Toplumumuzun bir bölümü,
Türkiye’nin Cumhuriyet kazanımlarından geriye gittiğini düşünüyor. Bu geriye
gidişin sebebini de, mutlak doğrunun, dogmanın ve öğretilmiş bilgiye olan
inancın eleştirel aklın önüne geçmesi olarak görüyor.
Ortalama bilgiye sahip
insanlarımızın çoğu da eleştirel akla dayanan bilimin ve ilerlemenin
başlangıcının Avrupa’da ortaya çıkan Rönesans ile başladığını zannediyor.

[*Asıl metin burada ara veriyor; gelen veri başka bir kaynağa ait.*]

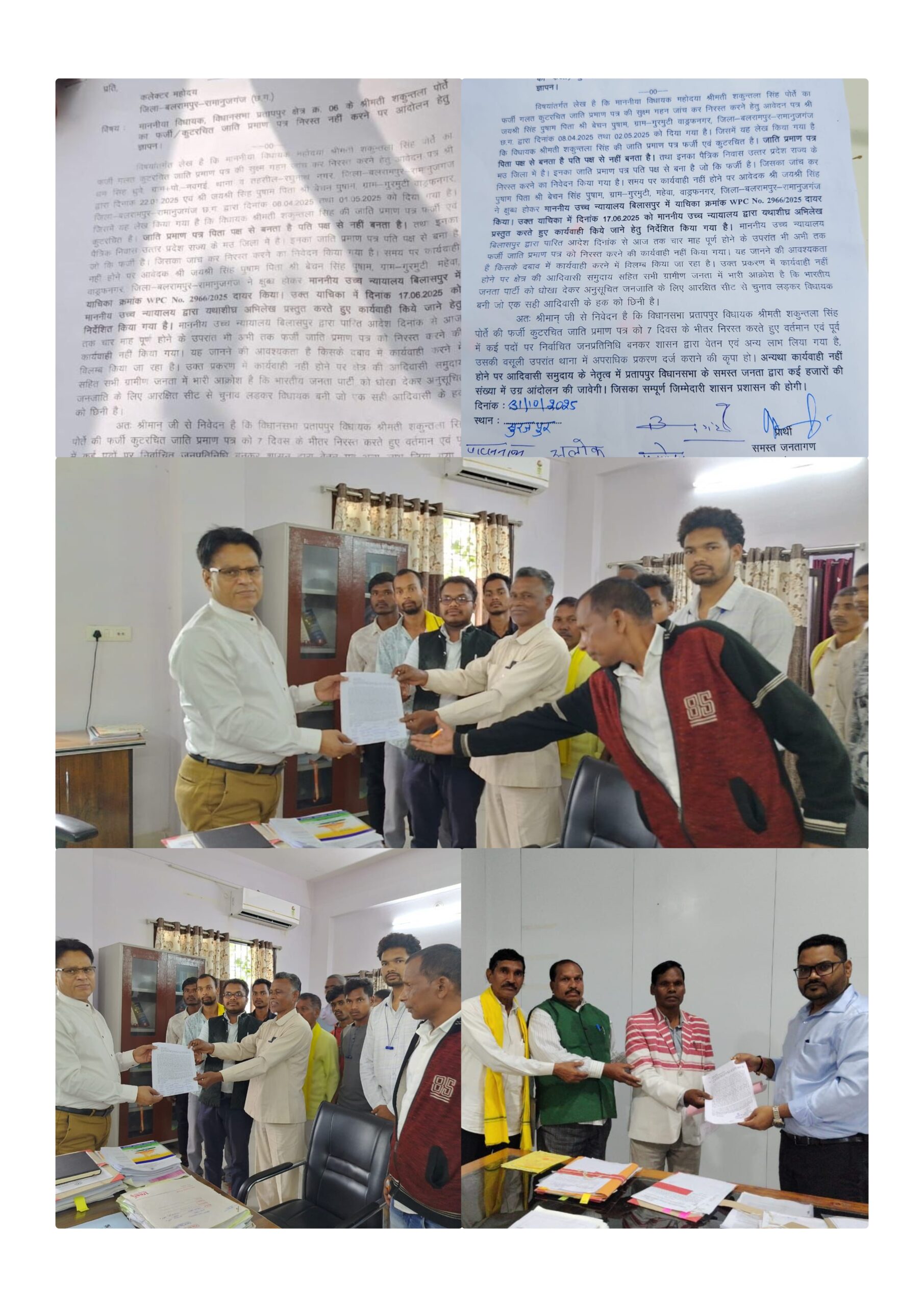 रायपुर/सरगुजा । विशेष रिपोर्ट छत्तीसगढ़ के प्रातापपुर विधानसभा क्षेत्र की विधायक श्रीमती शकुंतला सिंह पोर्ते का जाति प्रमाणपत्र कथित रूप से फर्जी व कुट–रचित बताते हुए क्षेत्र में राजनीतिक और सामाजिक विवाद गहराता जा रहा है। आदिवासी समाज ने प्रमाणपत्र रद्द करने की मांग उठाई है और प्रशासन पर कार्रवाई के लिए दबाव बना दिया है।

Bu yaygın inanışın aksine,
eleştirel aklın bilimin ve ilerlemenin ön koşulu olduğu, doğruluğu kesin
sanılan her bilginin eleştirilebileceği ya da yanlış olabileceği fikri, İyonya’ya
(M.Ö. 600) dayanır. Helen (eski Yunan) uygarlığı ile karıştırılmasın, Anadolu’dan
yani Milet’ten söz ediyorum.
Bir yanlış inanışta, bilimin
ışığındaki bu ilerlemenin hiç sekteye uğramamış hiç karşıt akım ve düşüncelerle
duraksatılmamış olduğu düşüncesidir. Oysa eleştirel akıl, Aristoteles,
Sokrates, Pisagor tarafından Yunanistan’da(M.Ö.500), 10-11.yy İslam coğrafyasında,
Rönesans (15.yy öncesi) Avrupa’sında ve hatta 20.yüzyıl’ın ilk çeyreğindeki
diktatörlükler Avrupa’sında dahi dışlanmış, göz ardı edilmiş, duraksamıştır. Üstelik
yukarıda bahsi geçen bu duraklama ve gerileme dönemlerinin müsebbibi cahil halk
değil, zamanının eğitimli, aydın bilim(ilim) insanlarıdır.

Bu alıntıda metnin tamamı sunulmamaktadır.